[DIRECTIONS FOR THIS TASK] Output only the lines that run from the line holding "A picturesque view" to the end of the entries, both ends included, and skip the pictures.

[GIVEN DATA]
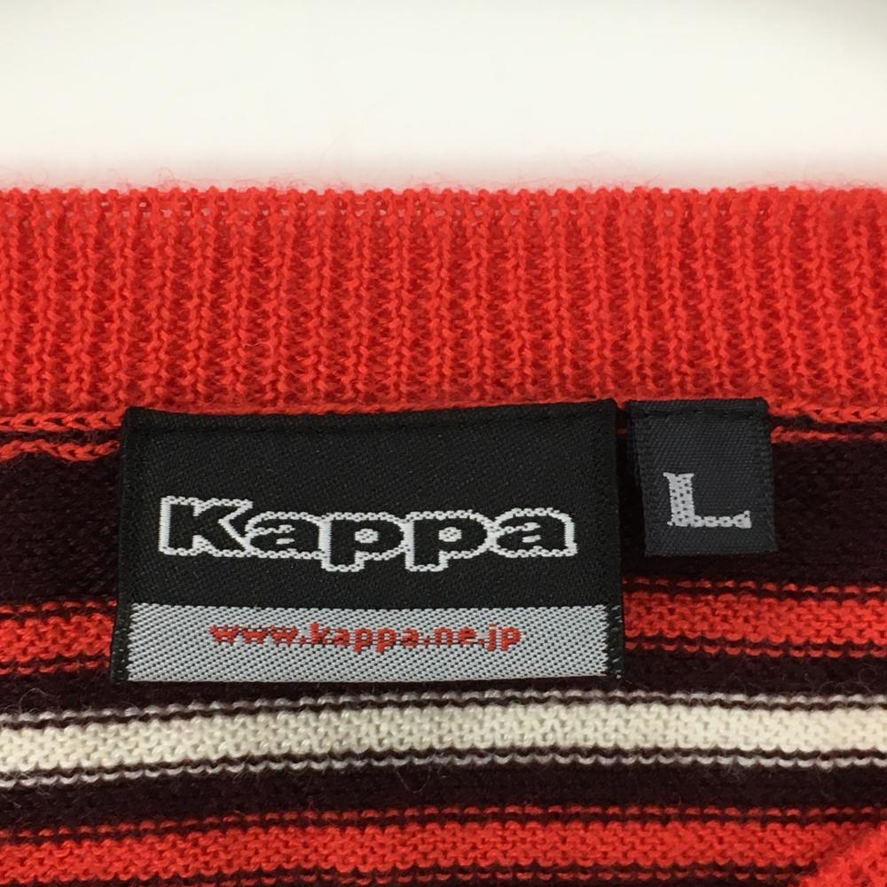 【超美品】カッパ セーター レッド×ボルドー ボーダー Vネック ウール混 ニット メンズ L ゴルフウェア Kappa
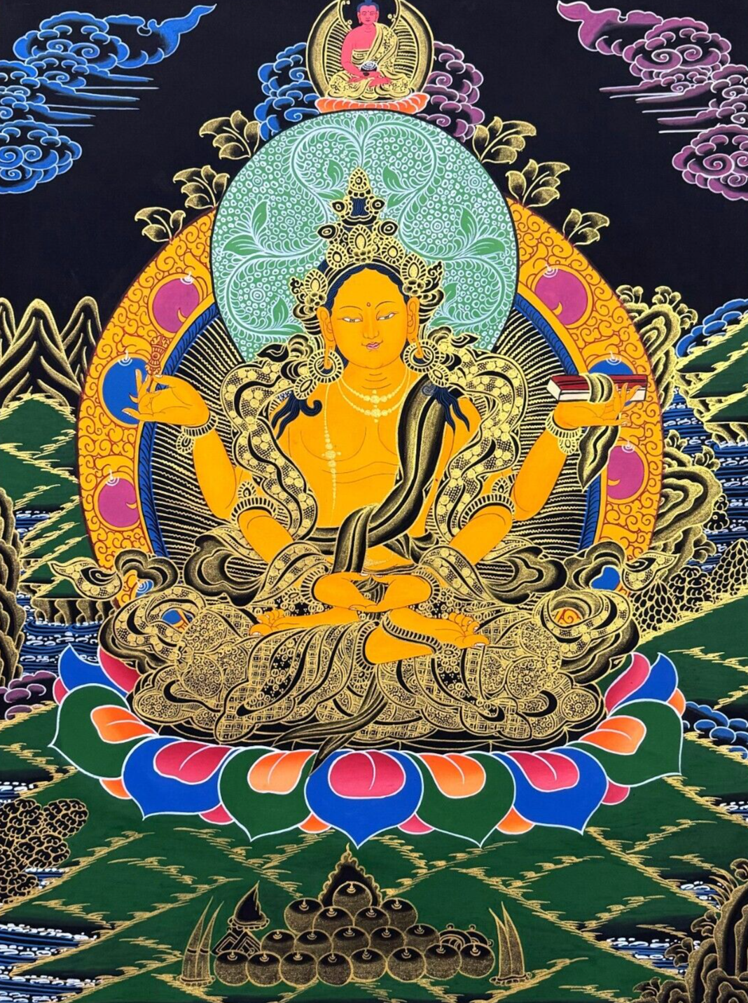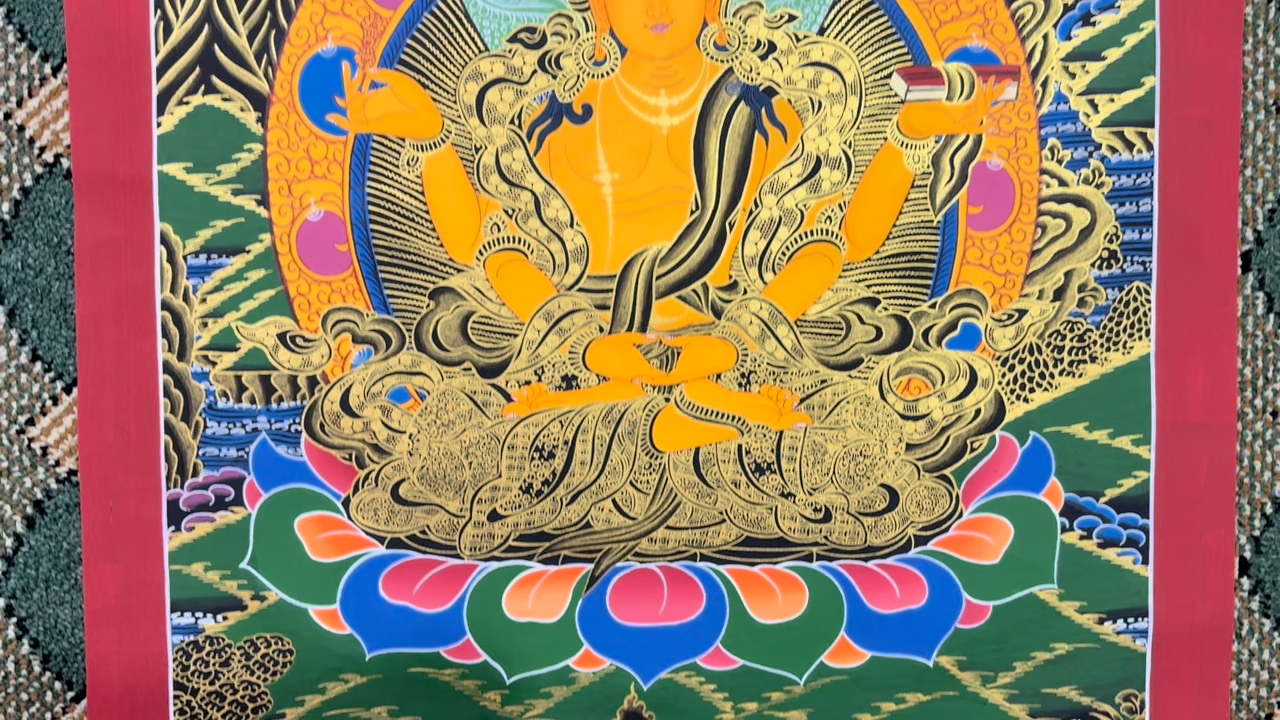 Namaste and Welcome to my Gallery!!! All of the paintings and arts in my gallery are originally handmade and hand-painted by my family members and other local artists who have been practicing their craft for over two decades. My father is Master Artist from Nepal with an experience of more than four decades; you can see some of his work in this Gallery. Also you can see some of the beautiful and soulful artwork of talented local artists from Himalayas. ~~ Prajnaparamita Thangka~~ Silk brocading is a process of framing a Thangka in traditional Tibetan style. The frame is made of beautiful silk fabric having rich colors and patterns. The silk fabric protects the edges of the Thangka, and also makes it easier to hang. A thin silk cover protects the painting when rolled, and may be gathered up to display the painting when hung on the wall. It is generally thought that silk brocade renders a Thangka more attractive and more religious. Prajnaparamita embodies the bliss/emptiness that gives rise to all phenomena—hence her title as The Mother of all Buddhas. She appears as a seated figure clothed in silks; her body is gold in color, and she has one face and four arms. Prajnaparamita has four arms; the two hands in her lap touch each other and form the mudra of meditation, and in the other two hands she holds the Vajra and the texts of the The Perfection of Wisdom Sutra (Prajnaparamita Sutra). [Size = 122cm x 93cm] Material Used: • Cotton Canvas • Natural Pigments and colors • Gold leaf ~Excellent for meditation or home/office decor, ~Tibetan Yoga Wall Art ~Genuine 100% hand-painted from Himalayas Please feel free to contact me if you have any question regarding the painting.
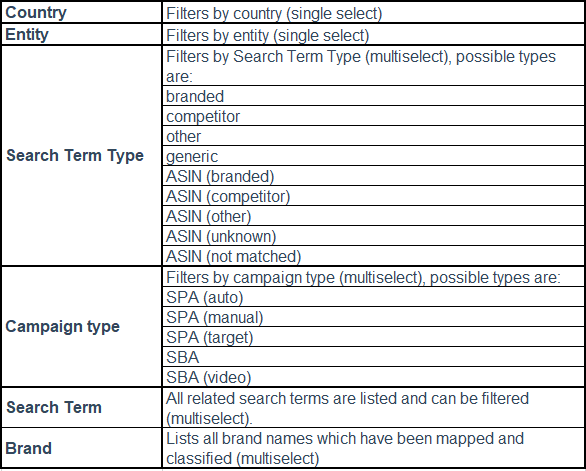 Own brands (search term type “branded”) are identified from all brand names listed on Amazon product pages for all of your advertised products, if the related campaigns have generated clicks and thereby, costs. All other brands are identified by collecting brand names from ASINs which have been targeted successfully (generated costs) by your campaigns. This list is updated every day, but it could be that relevant own or competitor brands are missing. These brand names can be added manually.
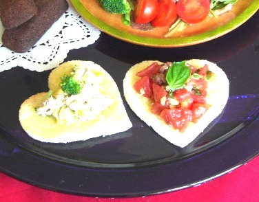 - サンドウィッチ用のパンをハート型に抜き、表面に[A]を塗り、両面焼きのグリル(調理プレート使用)で強火2~3分焼く。
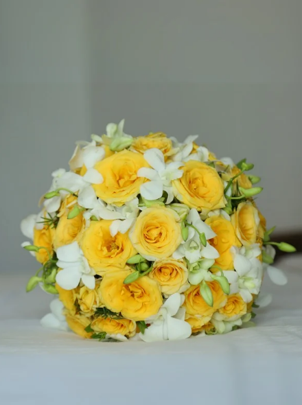 A cheerful blend of yellow and white blooms, this bouquet shines with joy and elegance- symbolizing happiness, peace, and new beginnings. Perfect for brightening any space or heart.
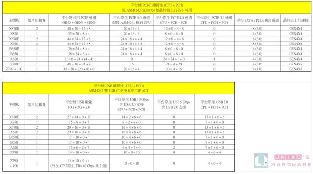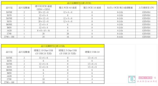 沒有解釋太多。以下整理主流晶片組的擴展性規格,修正一些錯誤。
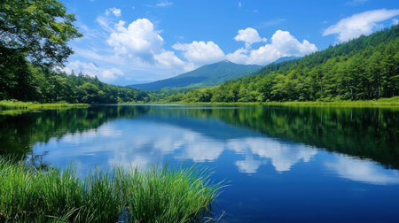A picturesque view of a calm lake reflecting the sky and surrounding greenery, creating a peaceful and natural scene.
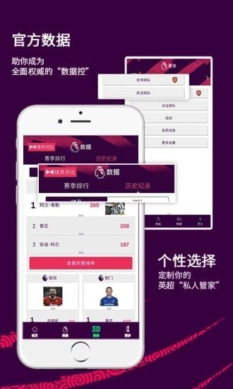 5.排行阵容:球员排行,阵容展示,纵横英超赛场。
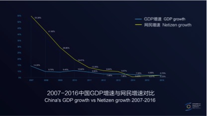 所以,请大家先看一张图。这张图是过去十年,中国互联网网民的成长速度和中国GDP成长速度的比较图。我们看到,十年前中国互联网网民成长在50%以上,到今天其实到了6%左右。事实上,过去的四年,中国互联网网民的成长速度都已经慢于中国GDP的成长速度了。这意味着什么呢?意味着互联网的人口红利没有了。所以去年我在这里说“无线(移动)互联网已经结束了”,大多数人都不同意,很多人讲,没有结束、只是进入了下半场。今年我看到,原来讲“下半场”的人都开始讲人工智能了,所以我的下一页PPT也给大家讲一讲人工智能。
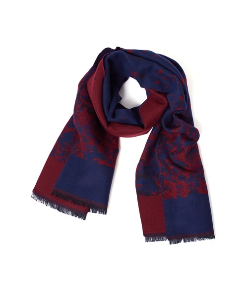 カモフラージュ柄が細かく分解されて消えていく様をジャカード織りで表現したストール。
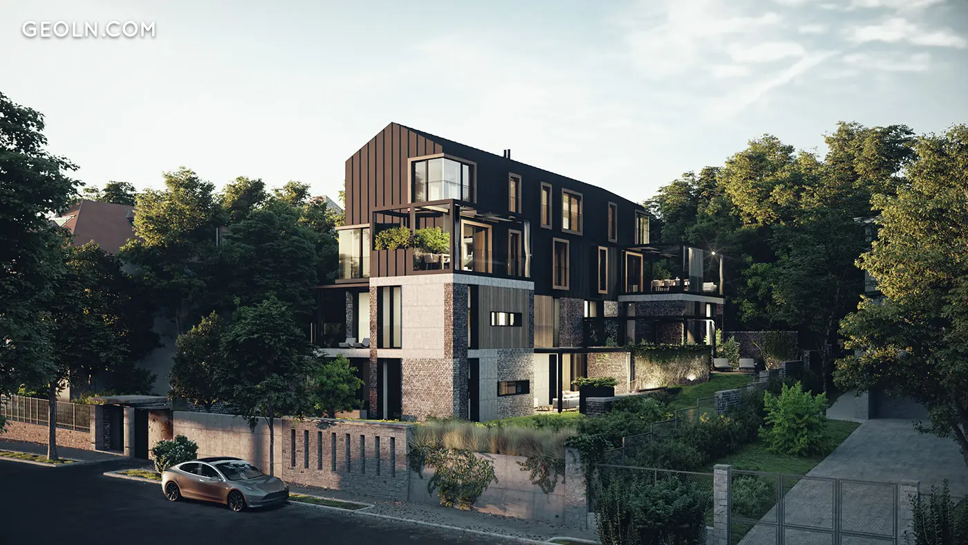VILLA MÉNESI ממוקמת על המדרון הדרום מערבי של גבעת גלרט, מעל ארבורטום בודה, בסביבה טבעית ומיקרו אקלים ייחודיים. הבניין נוצר כסינתזה של שתי צורות משולבות. העמודים הבולטים בחוזקה מהגוש התחתון, הקופסאות שזה עתה הועברו מהגוש העליון, נותנים את הדינמיקה של המבנה. על ידי חיזוק זה של זה, שתי הצורות יהיו הרמוניות ושלמות.
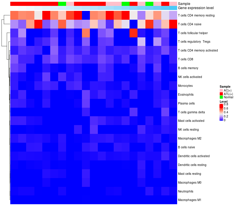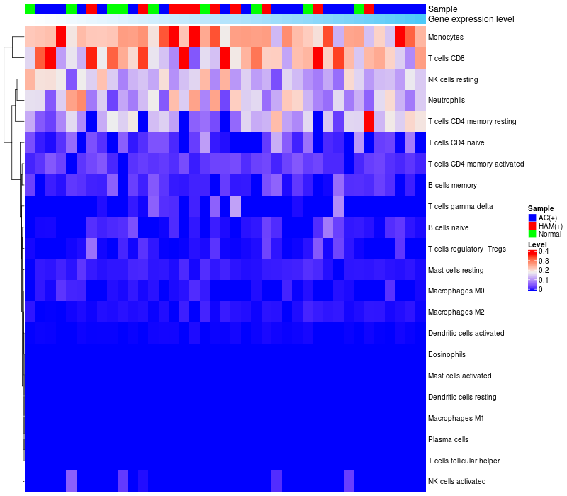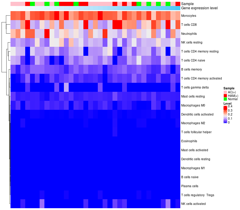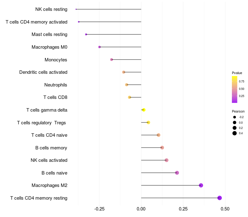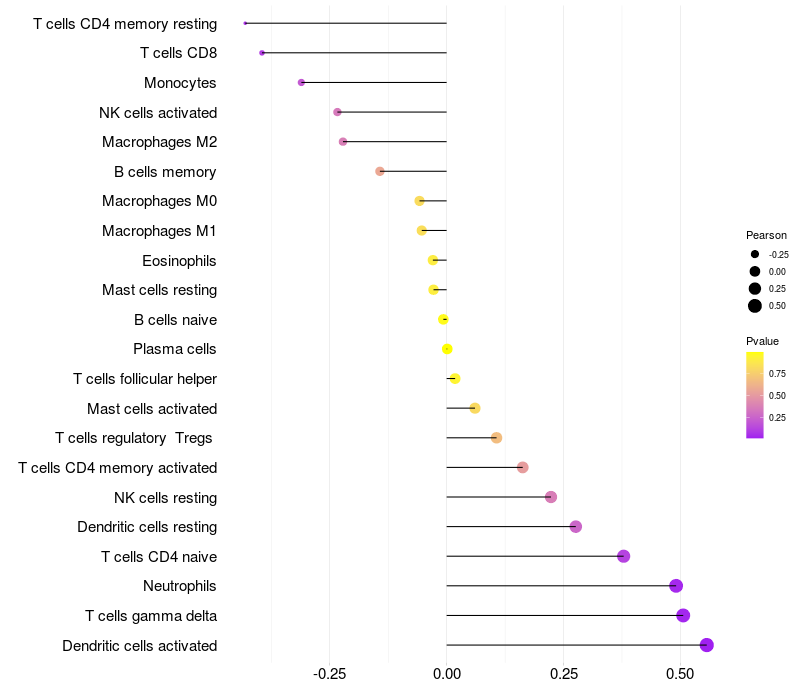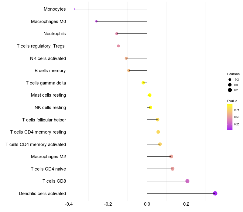 Lollipop of NBR2 expression and immune infiltrating cell level correlation result in HTLV1+ samples

[RESULT OF THIS EXERCISE]
A picturesque view of a calm lake reflecting the sky and surrounding greenery, creating a peaceful and natural scene.
 5.排行阵容:球员排行,阵容展示,纵横英超赛场。
 所以,请大家先看一张图。这张图是过去十年,中国互联网网民的成长速度和中国GDP成长速度的比较图。我们看到,十年前中国互联网网民成长在50%以上,到今天其实到了6%左右。事实上,过去的四年,中国互联网网民的成长速度都已经慢于中国GDP的成长速度了。这意味着什么呢?意味着互联网的人口红利没有了。所以去年我在这里说“无线(移动)互联网已经结束了”,大多数人都不同意,很多人讲,没有结束、只是进入了下半场。今年我看到,原来讲“下半场”的人都开始讲人工智能了,所以我的下一页PPT也给大家讲一讲人工智能。
 カモフラージュ柄が細かく分解されて消えていく様をジャカード織りで表現したストール。
VILLA MÉNESI ממוקמת על המדרון הדרום מערבי של גבעת גלרט, מעל ארבורטום בודה, בסביבה טבעית ומיקרו אקלים ייחודיים. הבניין נוצר כסינתזה של שתי צורות משולבות. העמודים הבולטים בחוזקה מהגוש התחתון, הקופסאות שזה עתה הועברו מהגוש העליון, נותנים את הדינמיקה של המבנה. על ידי חיזוק זה של זה, שתי הצורות יהיו הרמוניות ושלמות.
 Lollipop of NBR2 expression and immune infiltrating cell level correlation result in HTLV1+ samples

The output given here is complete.